# Hybrid Black / Mallard



## ErieAngler (Apr 15, 2006)

Shot one this morning. Would that count toward my mallard limit or my black duck? Could I use it for either??


----------



## silverbullets (May 18, 2009)

Are you sure it wasnt a mottled duck? They look very similar to a mallard and a black


----------



## ErieAngler (Apr 15, 2006)

silverbullets said:


> Are you sure it wasnt a mottled duck? They look very similar to a mallard and a black


Could have been I'll try to take a picture and post it.


----------



## silverbullets (May 18, 2009)

Here is a picture of a 1) Mottled Duck 2) Hen Mallard 3) Black Duck


----------



## Huntinbull (Apr 10, 2004)

Never heard of "hybrids". Most separate species cannot interbreed.


----------



## Procraftboats21 (Apr 6, 2004)

black duck x mallard is probably the most common hybrid among waterfowl.

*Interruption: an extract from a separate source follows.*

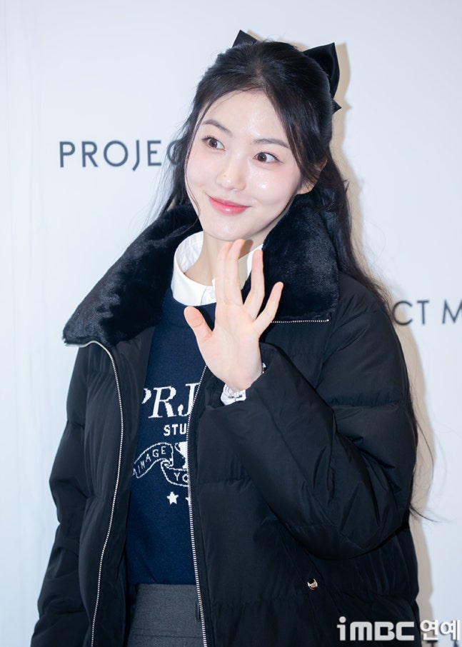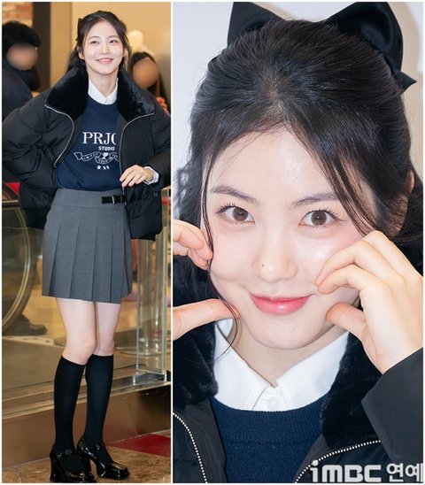 이날 신예은은 드라마 '정년이'에서 '허영서' 역으로 화제를 모아 수많은 팬들과 함께하는 시간을 가졌다. 신예은은 화이트 셔츠에 네이비 니트. 그레이 주름 스커트에 블랙 삭스와 엣지 넘치는 구두를 매치했다. 여기에 벨벳 소재의 라펠이 포인트인 숏 패딩을 입고 겨울 여친룩을 완성했다.

mallard and blacks share the same Genus.

American Black Duck, Anas rubripes

Mallard, Anas platyrhynchos.



many species can interbreed if they are from the same genus.


----------



## BunkerChunker (Apr 13, 2009)

have to agree with procraft I've never seen one but have heard of it


----------



## ErieAngler (Apr 15, 2006)

This picture is exactly what it looked like. Thanks ProCraft. I was going to dig it out of the trash and take a pic last night but never got around to it. Didnt feel like doing it this morning before work either. I'll try to crop and enlarge the one picture of all the birds and focus in on this duck and post it on here.



Procraftboats21 said:


> black duck x mallard is probably the most common hybrid among waterfowl.
> 
> mallard and blacks share the same Genus.
> 
> ...


----------



## Huntinbull (Apr 10, 2004)

ALRIGHT! Learned my new thing for the day early so the pressure is off! LOL


----------



## Procraftboats21 (Apr 6, 2004)

i don't believe hybrids count towards your limit at all, about 90% sure of this.


----------



## supercanoe (Jun 12, 2006)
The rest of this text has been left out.